Why would they lend shares to someone who is going to push the price down.  Well, there are risks to the short seller (maybe lowish in the current climate!).  But a short seller becomes a potential buyer too, and yes, maybe if the price does fall the insto will be happy to buy more (might create a bit of short squeeze as a side benefit, too).

Short selling can be used in conjunction with option strategies too.


----------



## wayneL (21 January 2008)

Timmy said:


> Short selling can be used in conjunction with option strategies too.




Bingo! If you want a market function, option traders need to be able to sell short in order to hedge. Without this capability, you say goodbye to option liquidity as market makers could not operate.


----------



## battiwallah (21 January 2008)

See the explanation in Wikipedia:

http://en.wikipedia.org/wiki/Short_selling

This sets it out clearly.


----------



## Trembling Hand (21 January 2008)

So when the market crashes there is someone there to buy it off the panicking bulls that bought it at too high a price.


----------



## bunyip (21 January 2008)

cuttlefish said:


> Can anyone explain to me what constructive function short selling serves in a marketplace?

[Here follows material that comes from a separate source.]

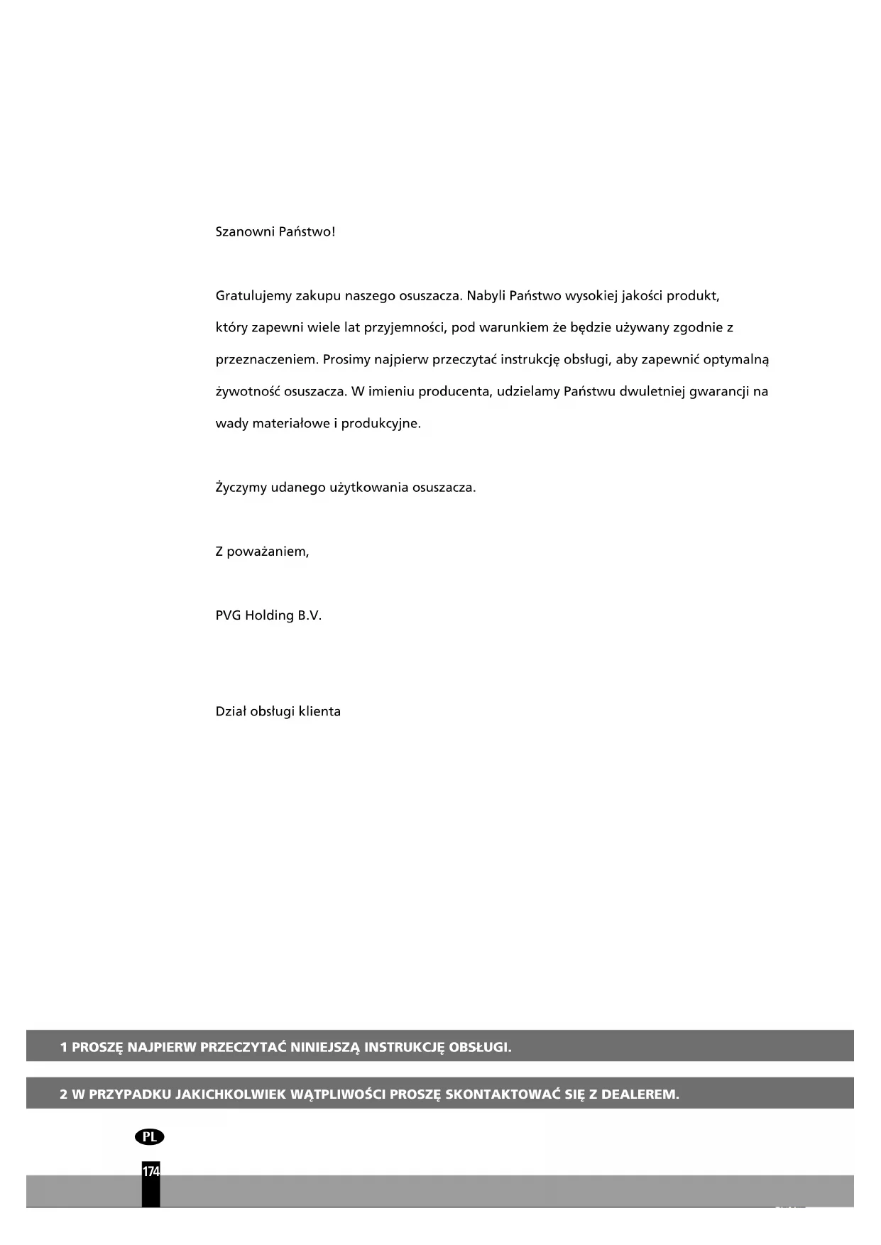 Szanowni Państwo! Gratulujemy zakupu naszego osuszacza. Nabyli Państwo wysokiej jakości produkt, który zapewni wiele lat przyjemności, pod warunkiem że będzie używany zgodnie z przeznaczeniem. Prosimy najpierw przeczytać instrukcję obsługi, aby zapewnić optymalną żywotność osuszacza. W imieniu producenta, udzielamy Państwu dwuletniej gwarancji na wady materiałowe i produkcyjne. Życzymy udanego użytkowania osuszacza. Z poważaniem, PVG Holding B.V. Dział obsługi klienta175 1 LEES EERST DE GEBRUIKSAANWIJZING. 2 RAADPLEEG BIJ TWIJFEL UW DEALER. WAŻNE PODZESPOŁY Skorupa przednia Wylot Uchwyt Panel sterowniczy Skrzynka filtracyjna Skorupa tylna Zbiornik Gumowe nóżki Przewód zasilający

I don't have the answers. I've played the short side of the market many times, in fact I'm doing so right now in this bear market, and loving it. But I've only done it with CFD's or options, never with stocks themselves.

I don't have any figures, but I reckon these days that many short sellers would be using derivatives to do it.

Bunyip


----------



## cuttlefish (21 January 2008)

thanks for the informative responses all.



			
				Trembling hand said:
			
		

> So when the market crashes there is someone there to buy it off the panicking bulls that bought it at too high a price.



lol




			
				battiwallah said:
			
		

> See the explanation in Wikipedia:



cheers.

The wikipedia article states: _While the shares are lent, two investors have a right to sell the same shares._  If this is true then to my mind it highlights how ludicrous the concept of a 'borrow' is.  How can delivery occur if the lender has also sold his shares? Which purchaser actually owns the 'real' shares.  This also highlights the sort of odd distortions that seem to become possible when electronic trading systems replace physical ones.

In the world of share certificates having to be delivered to settle a trade surely this situation (two people being entitled to sell the one lot of shares) wouldn't be possible because delivery couldn't be effected to both purchasers?

I know the markets put limits on the percentage of stock that can be shorted and also make sure a lender has been locked in before allowing a short to occur in order to counter the risks in this activity, but overall conceptually it seems to be a bit bogus.


----------



## Trembling Hand (21 January 2008)

cuttlefish said:


> I know the markets put limits on the percentage of stock that can be shorted and also make sure a lender has been locked in before allowing a short to occur in order to counter the risks in this activity, but overall conceptually it seems to be a bit bogus.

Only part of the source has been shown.